Redundant robots are desired to execute multi-tasks and obey various constraints of the body and environment simultaneously [1]. The WBC frameworks are commonly used to make the robot coordinate multiple tasks and constraints [2], [3]. In the existing WBC frameworks, tasks were assigned different priorities by using different weights [16], [17], [18], null space projectors (NSP) [5], [6], [7], [8], [9], [10] or a sequence of equality constraints [11], [12], [13], [14], [15]. During complex tasks execution, it is necessary to transition the tasks priorities to prevent one task from being blocked by another. Notice that formulating the WBC problem with task priority transition is challenging since the inappropriate formulation will cause a strong discontinuity of control output [19].

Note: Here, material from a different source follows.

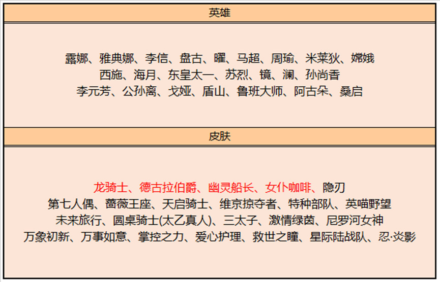 贵族系统中的英雄自选宝箱更新,永久英雄替换为:云缨、花木兰、赵怀真、镜、孙悟空、公孙离、海月、莱西奥、大乔、蔡文姬、英雄碎片*5,从这些英雄中就能知道一些新皮肤的消息,比如最前面的那个云缨,扎眼的很。
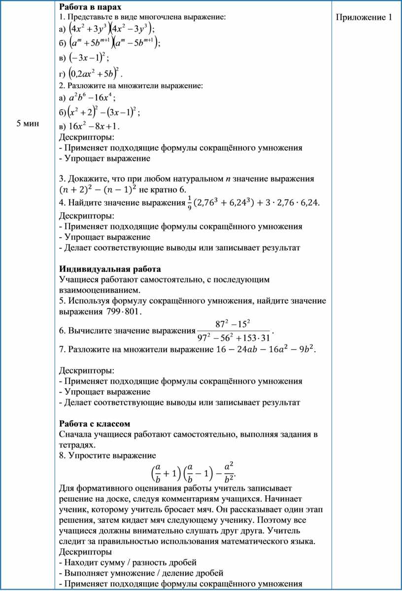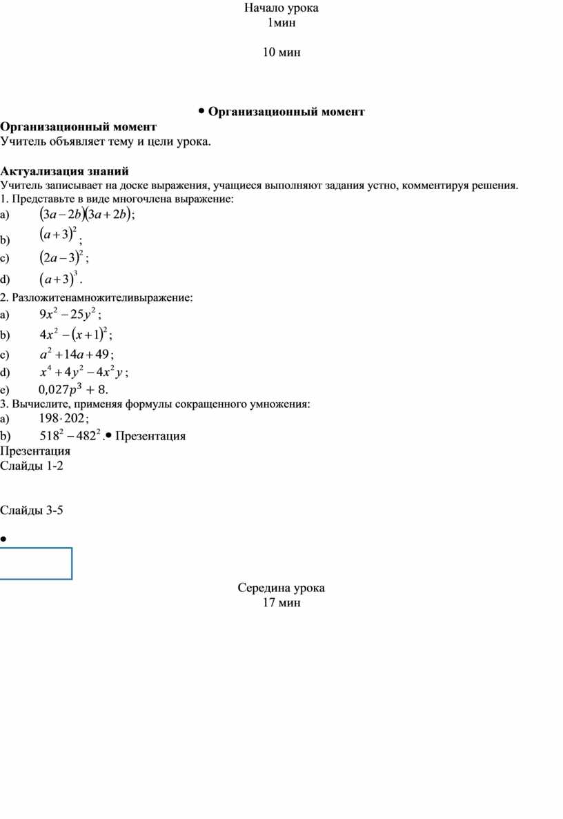 Учащиеся: - используют формулы сокращённого умножения и действия над многочленами для преобразования алгебраических выражений; - используют формулы сокращённого умножения для рационального счёта. |

Many methods have been proposed to formulate the WBC problem with smooth task priority transition. By interpolating results or intermediate expectation values of different hierarchies, task transition methods were successively proposed in

[19], [22] and [23]. In [24], a task transition method was proposed based on HQP to consider inequality constraints. The strategy was to realize priority swapping of two consecutive tasks by adjusting the weights of them. A sequence of such swaps was required in this method to bring a task to the desired priority level. In [25],[26], by modifying the offset value of the existing tasks and the bound set of the new task through the activation parameter, a task transition method based on HQP was proposed. This method can handle equality tasks and inequality constraints transitions. All the transition methods introduced above used the NSP or equality constraints to handle the hierarchy. However, since the NSP and equality constraints could only reflect the unchangeable projection of tasks, more operations (e.g., calculating results and expectation values of different hierarchies or adjusting the weights of two consecutive tasks) were introduced to en-sure the control continuity, rising the computation consumption.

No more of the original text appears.